Candidate genes conferring ethylene-response in cultivated peanuts determined by BSA-seq and fine-mapping

Ethylene plays essential roles in plant growth, development and stress responses. The ethylene signaling pathway and molecular mechanism have been studied extensively in Arabidopsis and rice but limited in peanuts. Here, we established a sand-culture method to screen pingyangmycin mutagenized peanut lines based on their specific response to ethylene (“triple response“). An ethylene-insensitive mutant, inhibition of peanut hypocotyl elongation 1 (iph1), was identified that showed reduced sensitivity to ethylene in both hypocotyl elongation and root growth. Through bulked segregant analysis sequencing, a major gene related to iph1, named AhIPH1, was preliminarily mapped at the chromosome Arahy.01, and further narrowed to a 450-kb genomic region through substitution mapping strategy.
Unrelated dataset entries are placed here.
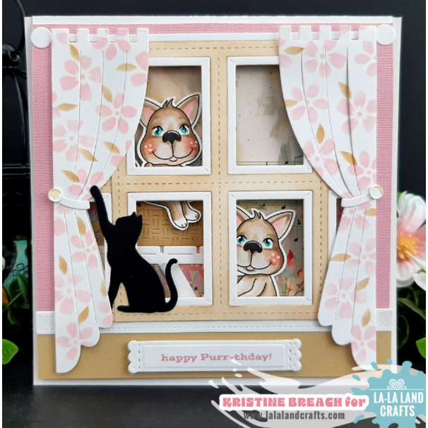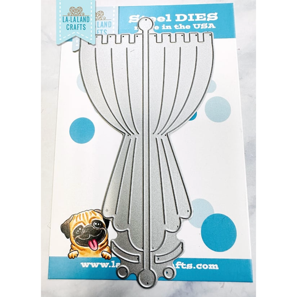 La-La Land Crafts Short Curtains Dies set includes two curtains pulled to the side and a rod, perfect for accents on window dies.
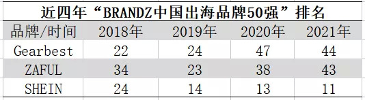 另一方面,据2018年“BRANDZ中国出海品牌50强”榜单显示,Gearbest位列中国品牌出海综合排名第22名,ZAFUL位列第34名。而如今被称为跨境双子星之一的SHEIN,当时排名第24位。
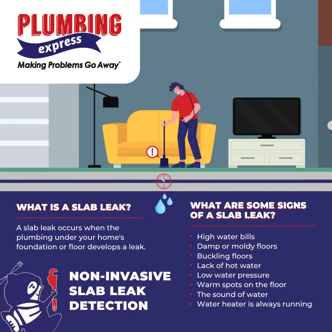 If left unaddressed, a slab leak can cause significant damage to floors and walls and even shifting or cracking of the foundation.
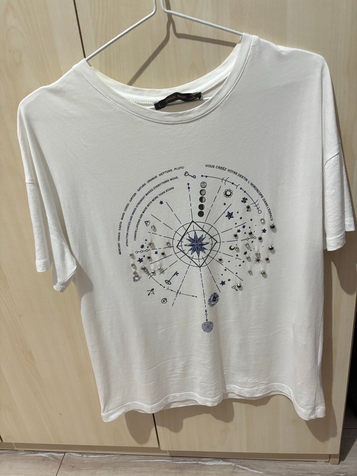 Pamuk kumaştan, bohem desenli, kısa kollu ve yuvarlak yakalı bol kesim beyaz kadın tişörtü.
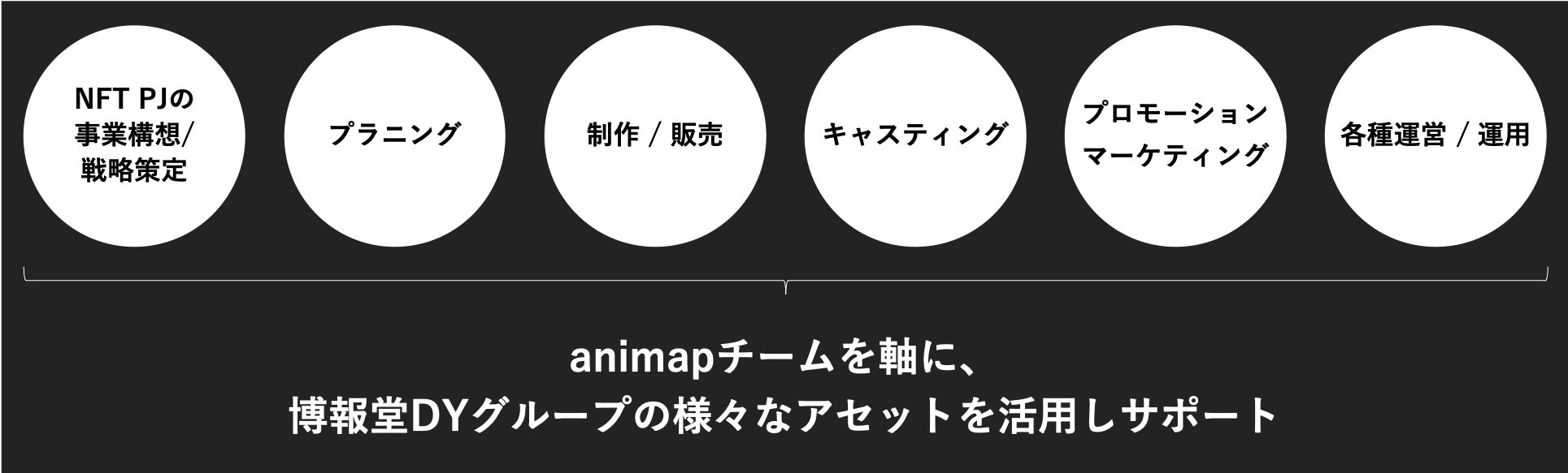 また、博報堂DYメディアパートナーズ内で、NFTビジネスにおける戦略立案、プラットフォーム開発、外部マーケットプレイスとの連携、マーケティングやクリエイティブ、法規制対応、今後のメタバース展開など新たなサービスやプロダクトを専門チームとして創出していくプロジェクト「Play Asset」が発足され、「animap」チームも連携しています。

A total of 7014 genes were differentially expressed among the ACC treatment through RNA-seq analysis, of which only the Arahy.5BLU0Q gene in the candidate mapping interval was differentially expressed between WT and mutant iph1. Integrating sequence variations, functional annotation and transcriptome analysis revealed that a predicated gene, Arahy.5BLU0Q, encoding SNF1 protein kinase, may be the candidate gene for AhIPH1. This gene contained two single-nucleotide polymorphisms at promoter region and was more highly expressed in iph1 than WT. Our findings reveal a novel ethylene-responsive gene, which provides a theoretical foundation and new genetic resources for the mechanism of ethylene signaling in peanuts.